> **WORK REQUEST**
Pictures are to be left out, and only the lines from the one containing "Spring+Spring MVC+Mybatis简单个人博客系统java门户网站CMS web" through the last line of the data are to be returned exactly.

> **GIVEN INFORMATION**
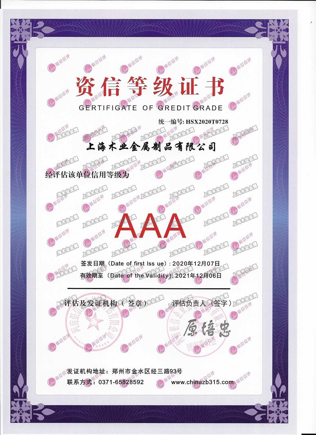 3.2020年12月7日,榮獲資信等級(jí)證書。上海術(shù)業(yè)金屬制品有限公司經(jīng)評(píng)估該單位信用等級(jí)為AAA(發(fā)證機(jī)構(gòu)地址:鄭州市金水區(qū)經(jīng)三路93號(hào);統(tǒng)一編號(hào): HSX2020T0728)
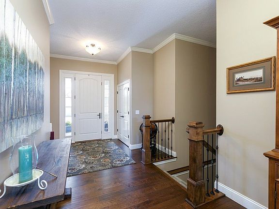 This home shows pride of ownership as early as pulling into the driveway. Standing under the covered porch you enter the home and immediately notice the gorgeous wood flooring and oversized white painted trim. The great room features a tiled fireplace and vaulted ceilings. Looking into the kitchen you will notice stunning white cabinets with crown molding, a stone backsplash, granite, and a huge walk-in pantry. The breakfast bar in the center island and the stainless appliances finishes off the kitchen. The dining area has a tray ceiling and sliders to the large deck and fenced in backyard. The master suite is set off by the lighted tray ceiling and features a Jacuzzi tub, oversized tiled shower and a large closet. The basement is highlighted by the wet bar, 2 bedrooms, full bath and daylight windows.
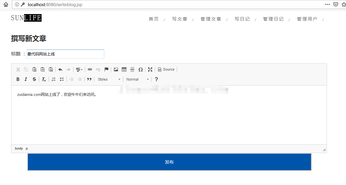 Spring+Spring MVC+Mybatis简单个人博客系统java门户网站CMS web
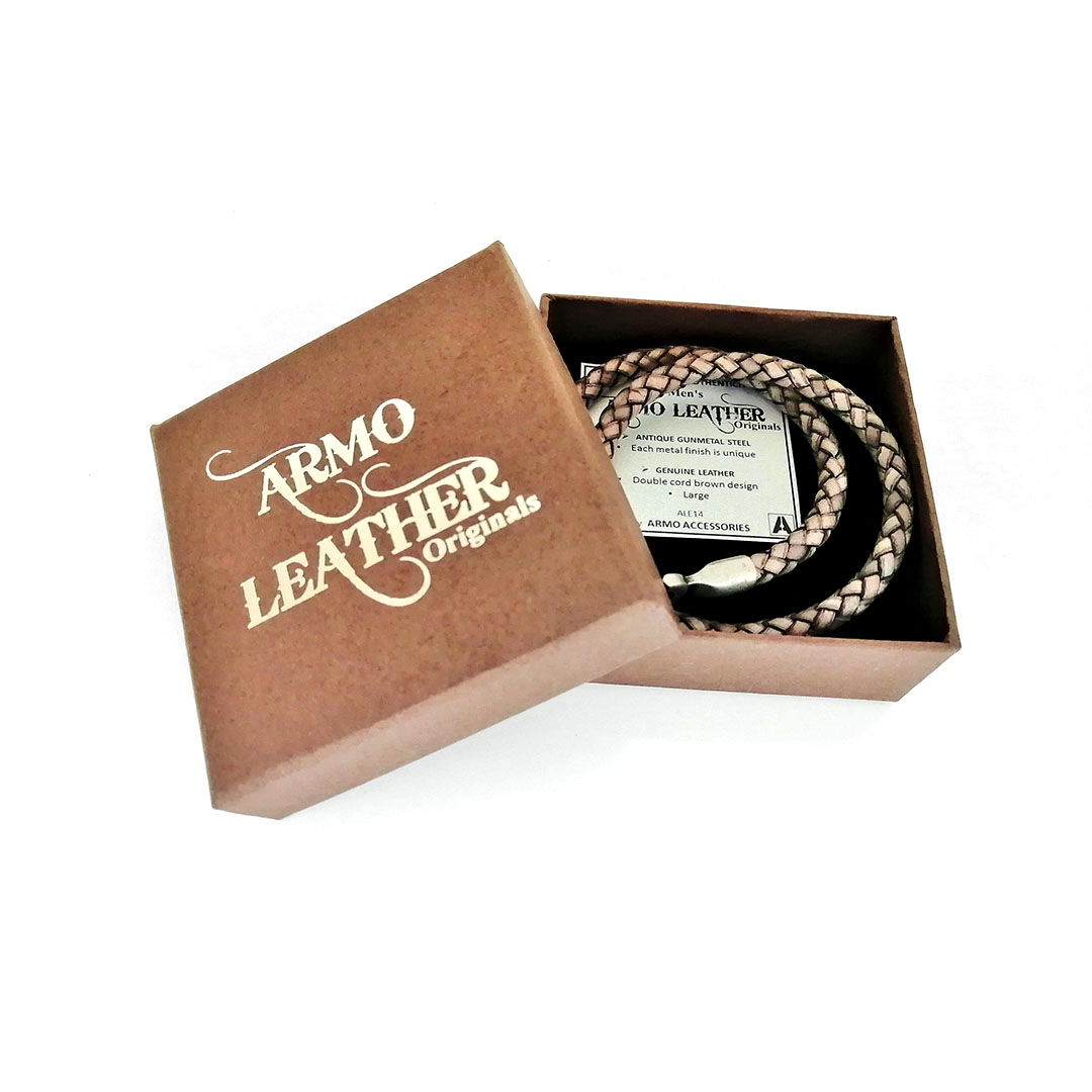 Dieses geflochtene Armband aus echtem schwarzem Leder verbindet markantes Design mit schwarzen Achat-Edelsteinen. Der Achat gilt seit Jahrhunderten als Symbol für Ausgeglichenheit und Stärke – ein dezentes Detail mit besonderer Bedeutung.

> **OUTPUT BELOW**
 Spring+Spring MVC+Mybatis简单个人博客系统java门户网站CMS web
 Dieses geflochtene Armband aus echtem schwarzem Leder verbindet markantes Design mit schwarzen Achat-Edelsteinen. Der Achat gilt seit Jahrhunderten als Symbol für Ausgeglichenheit und Stärke – ein dezentes Detail mit besonderer Bedeutung.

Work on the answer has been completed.